Los humanos no somos todos iguales, algunos traen cosas del más allá que son notoriamente diferentes y especiales, otros están tan pringados con los condicionamientos que no pueden ni acceder a lo que han traído; se han olvidado de lo que son y de lo que tienen; incluso crean una vida basada en lo que no son, dejando de lado la autentica esencia, quizá por no conocerla o por haberla olvidado.

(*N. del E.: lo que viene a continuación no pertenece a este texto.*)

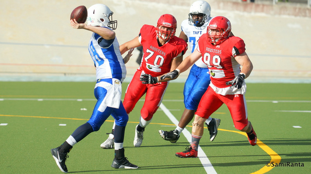 Roosters isännöi perjantain TV-ottelussa Velodromilla Saintsia Kahden viikon tauolta otteluiden pariin palaava Tampere Saints kohtaa perjantaina jälleen yhden viimevuoden mitalijoukkueen – tällä kertaa kultamitalistin, Helsinki Roostersin. Kaksi ensimmäistä Saintsin ottelua ovat päättyneet suurinumeroisiin tappioihin, kun ensin Seinäjoella Crocodiles (62–0) ja viikkoa myöhemmin Tampereella Anders Trojans Turku (13–50) päihitti sarjanousijan. Saintsin päävalmentaja Teemu Majanderin puheesta on läpi kevään kuultanut innostus lähteä haastamaan "isoja joukkueita". Roosters-otteluun Majander tiedostaa tuovansa Saintsin haastajan roolissa. – Kolmen ison kohtaaminen kauden alkuun huipentuu mestaria vastaan Velodromilla TV-kameroiden edessä. Odotan innokasta pyhimysjoukkuetta haastamaan Ison Punaisen. Roosters on aloittanut kautensa kolmella voitolla, mutta avauskierroksen Trojans-voiton (38–7) jälkeen ilman pelinrakentaja Micah Brownia pelannut Roosters kaatoi Porvoo Butchersin ja Vantaa TAFT:n väkinäisen suorittamisen jälkeen. Maanantaina pelatun TAFT-ottelun jälkeen myös valmistautumisaika on nyt poikkeuksellisen lyhyt – vain kolme iltaa. – Meillä on selkeää alisuorittamista edellisissä otteluissa. Harjoituksissa meno on näyttänyt siltä, että palaamme omalle tasollemme, Roostersin päävalmentaja Juha Hakala kertoo ja nostaa esimerkiksi Butchers-ottelun heikon taklaamisen. Yhdestä asiasta Hakala haluaa perjantaina huolehtia tarkasti: kenttäasema. – Jouduimme TAFT:ia vastana olemaan puolustuksen kanssa aika paljon kentällä ja lisäksi puolustamaan paljon lyhyttä kenttää. Nyt täytyy pystyä liikuttamaan palloa varmemmin.

Estaba comiendo con mi hija Amelys y su mama Paula, y ella me preguntó ¿Qué he traído yo que sea solo mío?  Yo le respondí: “Ese amor que tienes por los animales, eres una apasionada de tus gatos, tu perro y tu caballo.  Mama y yo no hemos traído eso, eso es tuyo y te permite tener una relación con los animales que disfrutas mucho, son como tus amigos” Su mirada se ilumino y me dijo: “Sí, eso es mío”.  Pero la conversación acababa de empezar.  Luego me pregunto que otras cosas había traído, y le dije: “No todo es tuyo, algunas cosas la has recogido de esta vida, de tus padres, de las experiencias”.  Me preguntó “¿Qué cosas?”  Y le dije: “Por ejemplo eres confrontadora como yo, eres respetuosa como tu madre”. Y ella dijo algo tremendo, que me llegó profundamente al corazón, me dijo: “Eso también lo he traído yo, es mío. Si tu eres confrontador será una casualidad de que los dos seamos así. Y si mama es respetuosa como yo será una coincidencia. Yo soy yo y vosotros sois vosotros, no confundamos.”  Esta declaración ha trastocado todas mis conclusiones, llevo 1 mes replanteándome todo acerca de lo que somos y traemos. Y esto lo voy a compartir en mi próximo post: «LA TEORÍA DE UNA NIÑA DE 9 AÑOS». Incluso las cosas que tenemos en común son diferentes.